In 1951 Solomon Asch conducted an experiment to investigate the extent to which social pressure from a majority group could affect a person to conform.

Asch used a lab experiment to study conformity, whereby 50 male students in the USA participated in a ‘‘vision test’’. He told them it was a vision test. Asch put a naive participant in a room with seven confederates. The confederates had agreed in advance what their responses would be when presented with the line task. The real participant was led to believe that the other seven confederates were also real participants like themselves. Each person in the room had state aloud which comparison line (A, B or C) was most like the target line. The answer was always obvious. The real participant sat at the end of the row and gave his answer last. There were 18 trials in total, and the confederates gave the wrong answer on 12 trials. 12 trials were critical ones.

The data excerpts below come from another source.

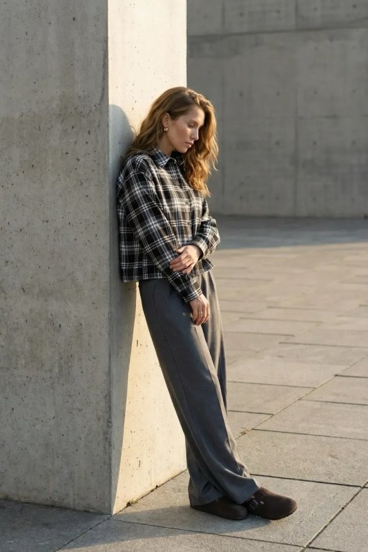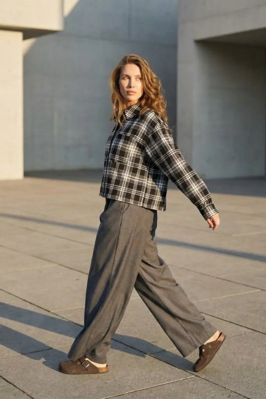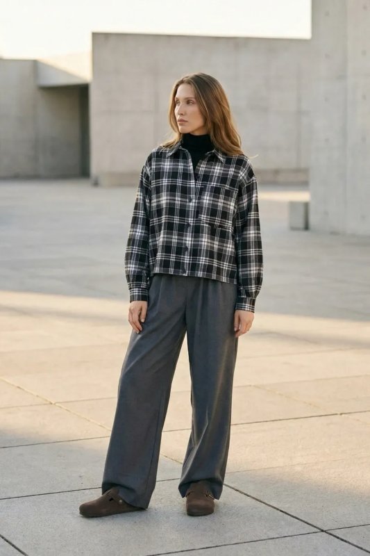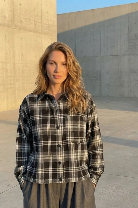 Стильна демісезонна сорочка з сорочкового кашеміру в клітинку — прямий вільний фасон для комфортного повсякденного образу. Модель оснащена цільнокроєною планкою та класичним сорочковим коміром, а декоративні елементи, такі як затяжка по низу та накладна кишеня, додають сучасний акцент. Фурнітура включає ґудзики, резинку та затискачі для регулювання посадки.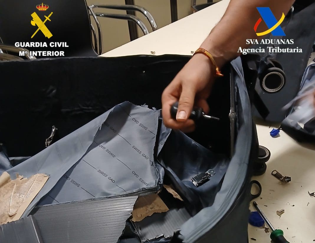 Guardia Civil de Valencia y Vigilancia Aduanera de la Agencia Tributaria, en tareas propias de resguardo fiscal y aduanero, bajo jurisdicción aduanera, han detenido a una mujer que trataba de introducir 6,3 kilogramos de cocaína en Valencia a través de un vuelo internacional. La droga se encontraba impregnada en la propia estructura de la maleta y sus superficies interiores.
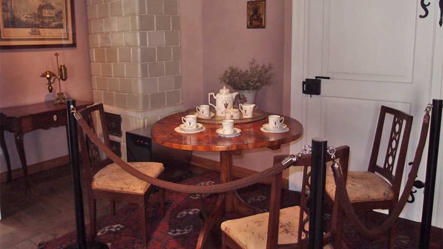 「一家は1810年の秋、ワルシャワに引っ越しますが、その後も家族は夏休みやクリスマスに、この田舎でヴァカンスを過ごしたのです。それで貴族の家主との信頼関係が親密だったのがわかります。例えば、フレデリックは“ポロネーズ ト単調”をスカルベク伯爵に献辞しました。また、お父さんは、フレデリックのお姉さんの結婚の証人や洗礼の代父を伯爵に頼んでいます。この博物館は本家の離れで炊事場や執務室に当てられていたのですが、当時の内装品は何一つ残されていませんでした。修復の際に貴族の屋敷の特徴である柱を備えた玄関ポ―チが付けられたのです」

His experiment also had a control condition where there were no confederates, only a “real participant.”

Over the 12 critical trials, about 75% of participants conformed at least once. If we know that 75% of people are more afraid of public speaking than death, for the reason that they want to be part of a group. We can conclude that, at least once, 75% of people will accept the views of the group, whatever they think.

On average, about one third (32%) of the participants who were placed in this situation went along and conformed with the clearly incorrect majority on the critical trials.

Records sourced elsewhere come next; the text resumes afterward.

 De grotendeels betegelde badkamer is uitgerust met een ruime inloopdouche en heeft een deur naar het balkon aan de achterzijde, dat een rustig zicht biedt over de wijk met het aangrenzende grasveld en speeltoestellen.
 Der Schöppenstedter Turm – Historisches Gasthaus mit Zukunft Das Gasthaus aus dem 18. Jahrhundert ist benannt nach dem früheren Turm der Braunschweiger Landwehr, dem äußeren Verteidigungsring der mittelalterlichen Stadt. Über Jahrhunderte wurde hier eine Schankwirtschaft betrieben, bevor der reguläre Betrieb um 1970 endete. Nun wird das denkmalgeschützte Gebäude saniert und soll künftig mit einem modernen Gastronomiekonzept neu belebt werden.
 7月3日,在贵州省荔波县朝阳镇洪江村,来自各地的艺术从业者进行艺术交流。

Only 25% of participants never conformed.

In the control group, with no pressure to conform to confederates, less than 1% of participants gave the wrong answer.

When they were interviewed after the experiment, most of them said that they did not really believe their conforming answers, but had gone along with the group for fear of being ridiculed or thought “peculiar”. A few of them said that they really did believe the group’s answers were correct.

Apparently, people conform for two main reasons:

  • because they want to fit in with the group (normative influence) and
  • because they believe the group is better informed than they are (informational influence).

There are limitations of the study.

  • Asch deceived the student volunteers claiming they were taking part in a ‘vision’ test. However, deception was necessary to produce valid results. He devised what is now regarded as a classic experiment in social psychology.
  • How often are we faced with making a judgment like the one Asch used, where the answer is plain to see?

Asch replied that he wanted to investigate a situation where the participants could be in no doubt what the correct answer was. He could explore the true limits of social influence.

  • Some critics thought the high levels of conformity found by Asch were a reflection of American, 1950’s culture and told us more about the historical and cultural climate of the USA in the 1950s then they do about the phenomena of conformity.
  • Participants were not protected from psychological stress which may occur if they disagreed with the majority.